PRIMAL_2: Pathfinding via Reinforcement and Imitation Multi_agent Learning - Lifelong
Setting up Code
cd into the od_mstar3 folder.
python3 setup.py build_ext --inplace
Check by going back to the root of the git folder, running python3 and "import cpp_mstar"
Running Code
Pick appropriate number of meta agents via variables NUM_META_AGENTS and NUM_IL_META_AGENTS in parameters.py
The number of RL meta-agents is implicity defined by the difference between total meta-agents and IL meta-agents (NUM_RL_META_AGENTS = NUM_META_AGENTS - NUM_IL_META_AGENTS)
Name training run via training_version in parameters.py
call python driver.py
Key Files
parameters.py - Training parameters.
driver.py - Driver of program. Holds global network for A3C.
Runner.py - Compute node for training. Maintains a single meta agent.
Worker.py - A single agent in a simulation environment.

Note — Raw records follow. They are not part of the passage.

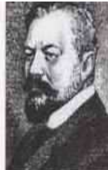
ЩЕРБАТОВ Николай Борисович (22 января (3 февраля) 1868 г. — 23 июня 1943 г.) Министр внутренних дел с июня по сентябрь 1915 г.
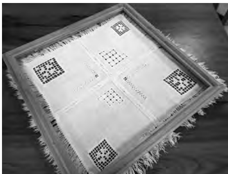
Senākais saglabātais darbs – Alises taupības sedziņai ir ap 80 gadu.
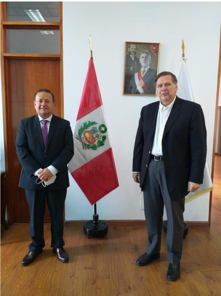
Foto Cónsul Perú en Arica
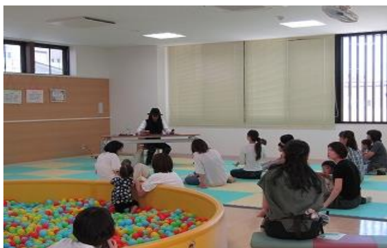
6/13 本のソムリエ 団長さん講演会 【街なか子育てひろば】
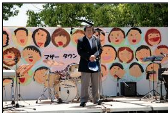
開会式で挨拶する竹山堺市長

当日の復興支援として集まった義援金(20,888円)は、日本赤十字社を通して、被災地へ送金しました。ご協力各位に改めまして厚く御礼申し上げます。
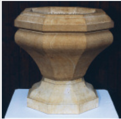
Blumenschale von Robert Rose (Thüringen), SEEBERGER SANDSTEIN
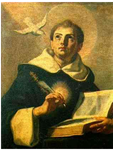
Thomas von Aquin

„Im Anfang der Zeit ist alles von Gott geschaffen worden; 'im Anfang' heißt auch: 'Im Sohn'; 'im Anfang' heißt auch: 'Vor allem!'.“ (Summa Theologica, Teil I, Q. 47, Art. 3)
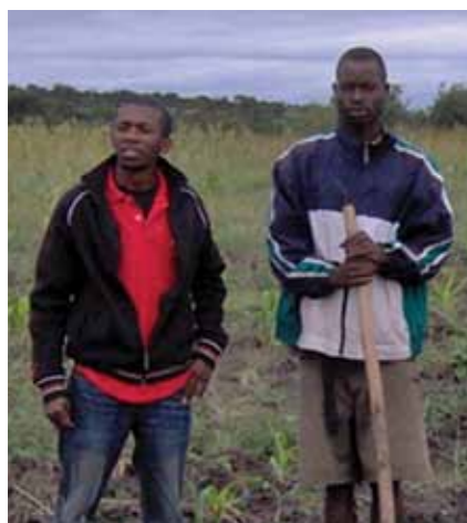
Camponeses da Associação Nova Wangué
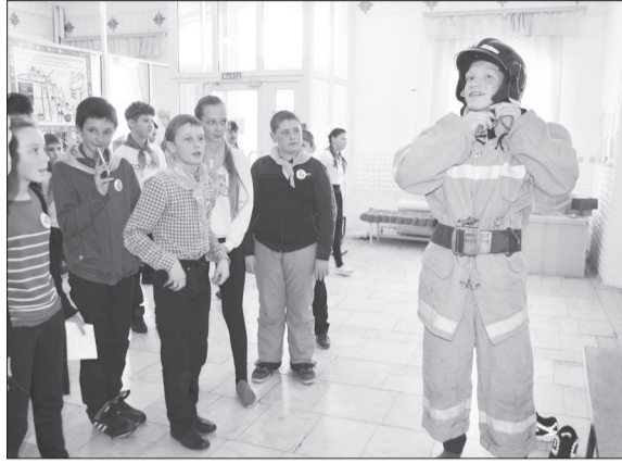
В пожарной боевке юный дружинник команды села Аятского
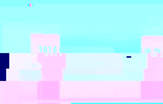
图3 教育学院2010年度学术交流会会场

会议现场气氛热烈，来自北京2010年度教育技术系、各院系、各学院的专家学者齐聚一堂，共同探讨教育技术领域的最新研究成果。
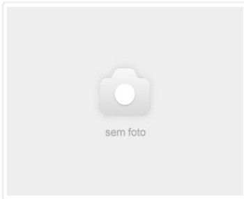
Caixa de Câmbio PAJERO DAKAR FLEX 2010
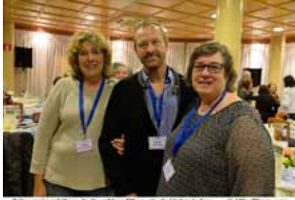
El Grup Amis d'eny de Sagelissa TV no s'és de l'últim d'ells ... @AliciaPons.com
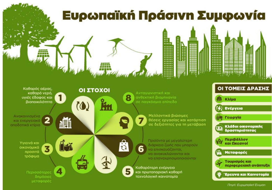
Εικόνα 4 –Ευρωπαϊκή Πράσινη Συμφωνία

Σχολιάζοντας περί βιώσιμης ανάπτυξης στην Ευρωπαϊκή Ένωση, δε μπορούμε να μην αναφερθούμε στην Ευρωπαϊκή Πράσινη Συμφωνία. Η εν λόγω Συμφωνία αποτελεί μια δέσμευση της Ε.Ε. προκειμένου να αντιμετωπιστεί η κλιματική αλλαγή, και οι γενικότερες περιβαλλοντικές προκλήσεις. Αποτελεί μέρος της στρατηγικής της Ευρωπαϊκής Επιτροπής για την εφαρμογή του Θεματολογίου της Ατζέντας 2030 του ΟΗΕ. Αποσκοπεί στην κοινωνική ευημερία, στην αειφορία, την υγιή οικονομική ανάπτυξη με την ορθή χρήση των πόρων, με στόχο ως το 2050 να έχουν μηδενιστεί οι εκπομπές αερίων του θερμοκηπίου και να επιτευχθεί η κλιματική ουδετερότητα (Ευρωπαϊκή Επιτροπή, Η Ευρωπαϊκή Πράσινη Συμφωνία, 2019). Πρόκειται ξεκάθαρα για μια στρατηγική βιώσιμης ανάπτυξης, αφού προωθεί την ανάπτυξη με γνώμονα την ευημερία της κοινωνίας, την προστασία του περιβάλλοντος και την οικονομία.
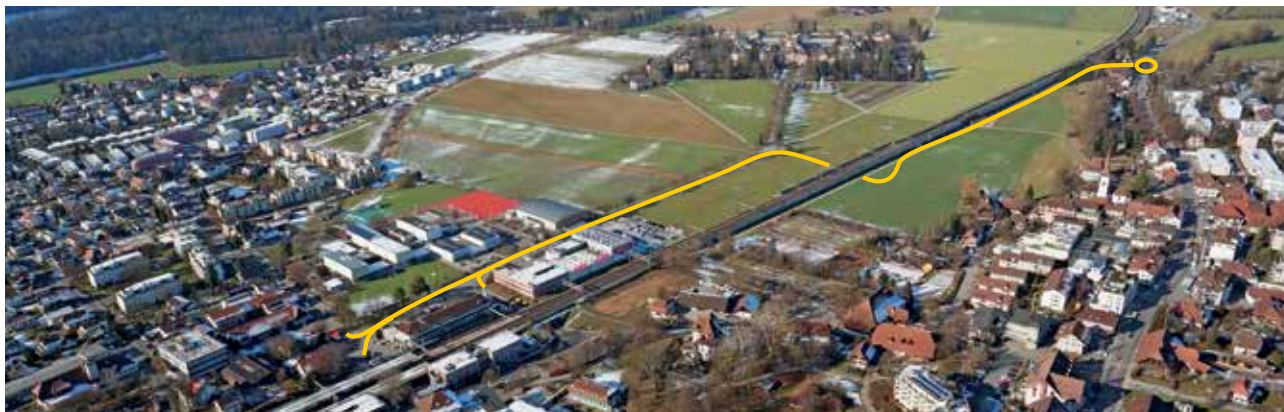
Linienführung im Vorprojekt
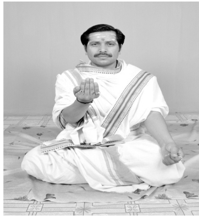
चित्रसंख्या [ 8, ख ] तर्जन्यङ्गुष्ठमेलनात् श्रकारः
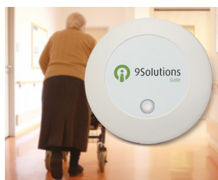
Access management in care facilities
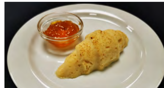
Frühstücks-Gipfeli mit Konfitüre
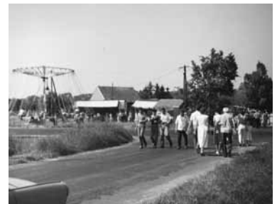
Sitkei búcsú régen
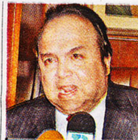
CALIFICA INFORME COMO
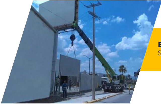
BARDA AGENCIA DE AUTOMÓVILES SALTILLO COAHUILA
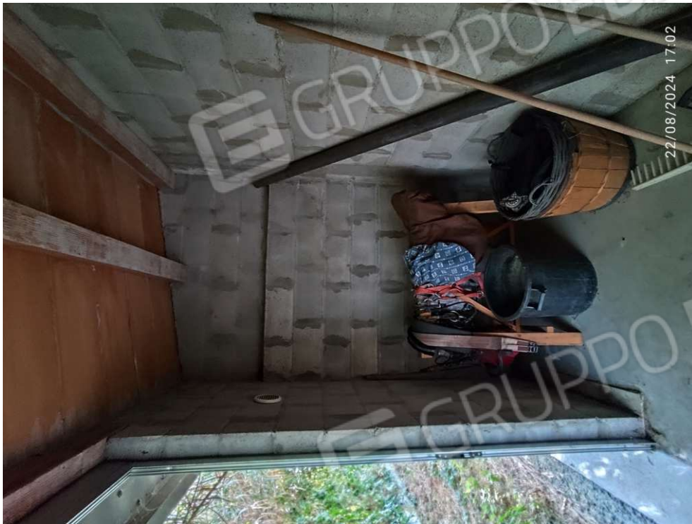
2.3 - ripostiglio
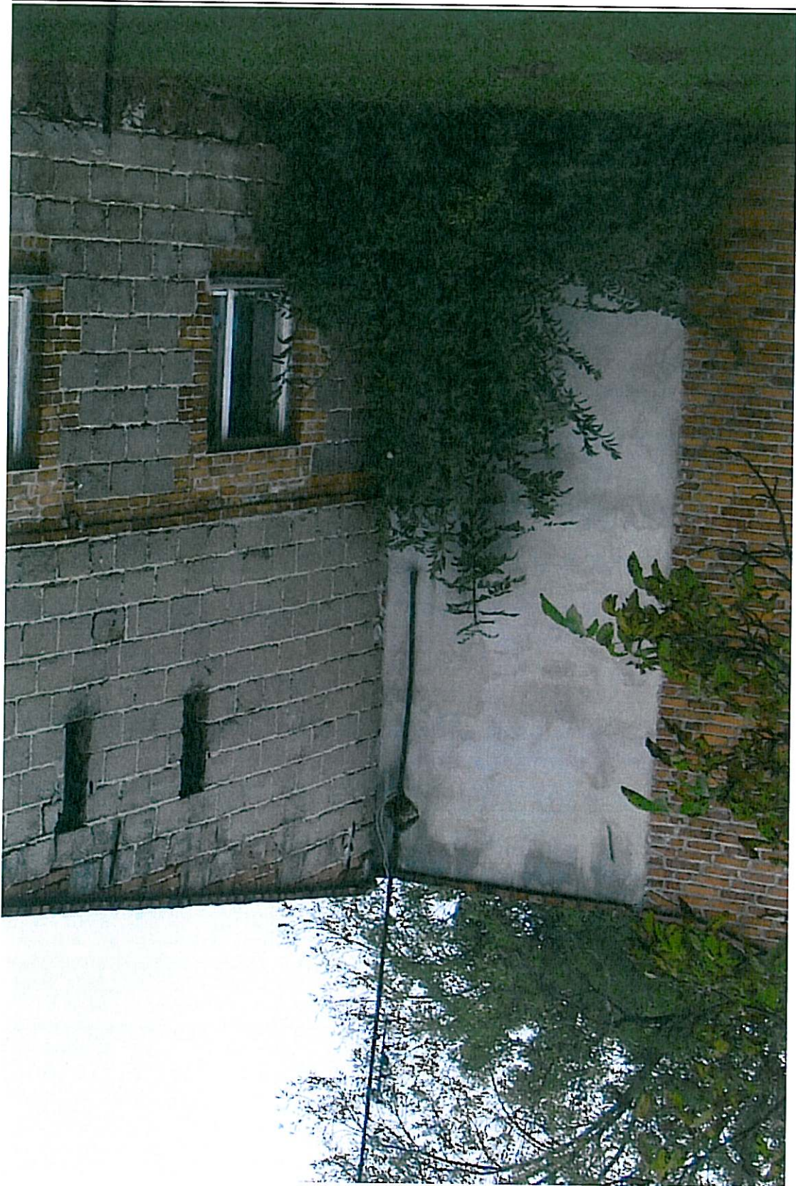
BUDYNEK DO ROZBIÓRKI
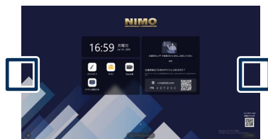
ホーム画面両端のマークからサイドバーを表示
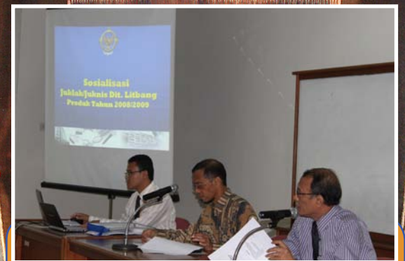
Kepala Perwakilan BPK RI Provsu membuka acara Sosialisasi Juklak/Juknis Dit. Litbang Produk Tahun 2008/2009 di ruang Balai Diklat Medan
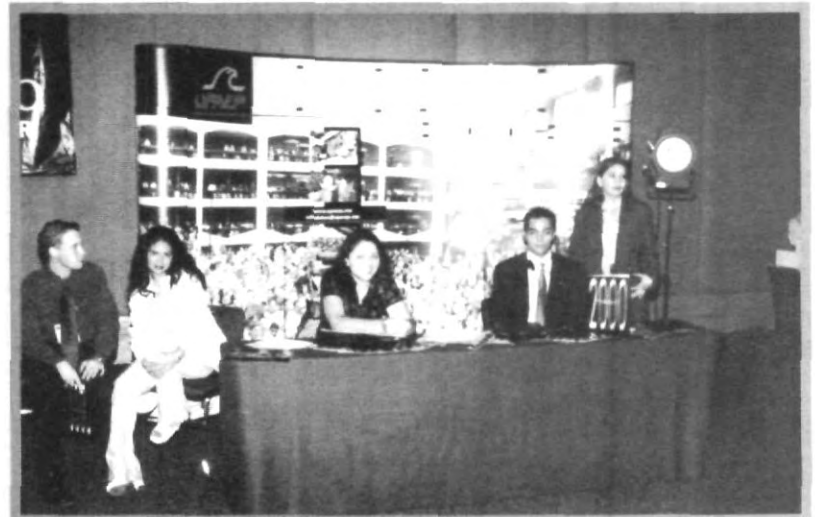
LA UPAEP PRESENTE DURANTE EL CUNI
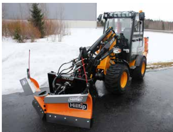
Radlice 2400VP na nakladači JCB
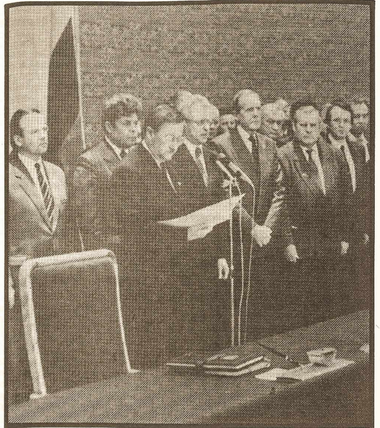
Presidente Lansbergis na presença do corpo diplomático e ministério anuncia a nova Constituição da Lituânia.
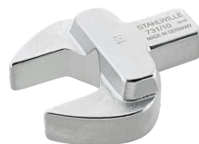
58211012 Maul- Einsteckwerkzeug
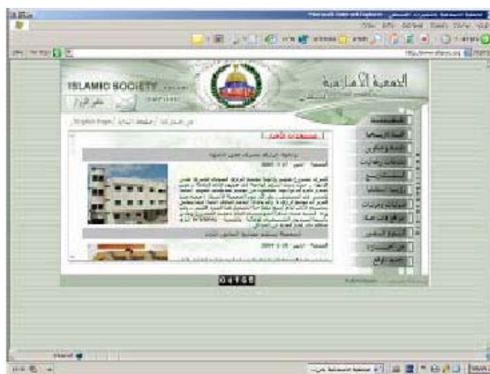
Главная страница сайта отделения Исламского благотворительного общества в лагере беженцев Аль-Нусират в секторе Газа
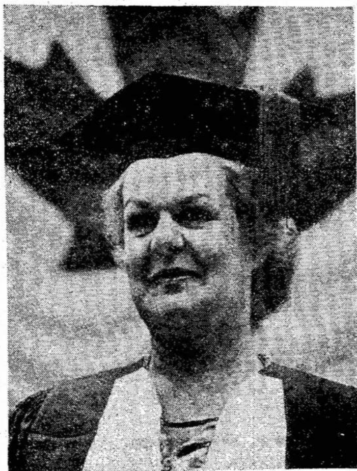
Maureen Forester, pagarsėjusi dainininkė, kuri buvo apdovanota garbės daktaro laipsniu York Universitete, Toronte.

Nereikia būti to sporto žinovu, kad nesuprastum, jog
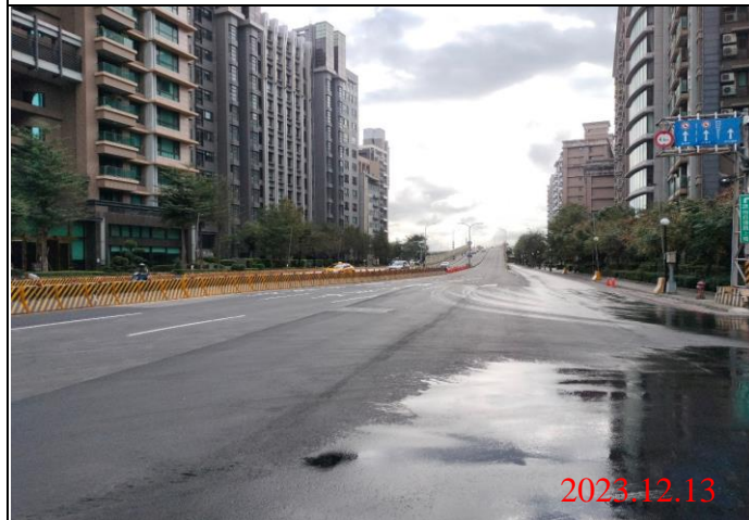
巡查日期地點：112.12.13/ Y23車站 照片說明：路面狀況

Majority of episode computation, including gradient calculation, occurs here.
Ray_ACNet.py - Defines network architecture.
Env_Builder.py - Defines the lower level structure of the Lifelong MAPF environment for PRIMAL2, including the world and agents class.
PRIMAL2Env.py - Defines the high level environment class.
Map_Generator2.py - Algorithm used to generate worlds, parameterized by world size, obstacle density and wall components.
PRIMAL2Observer.py - Defines the decentralized observation of each PRIMAL2 agent.
Obsever_Builder.py - The high level observation class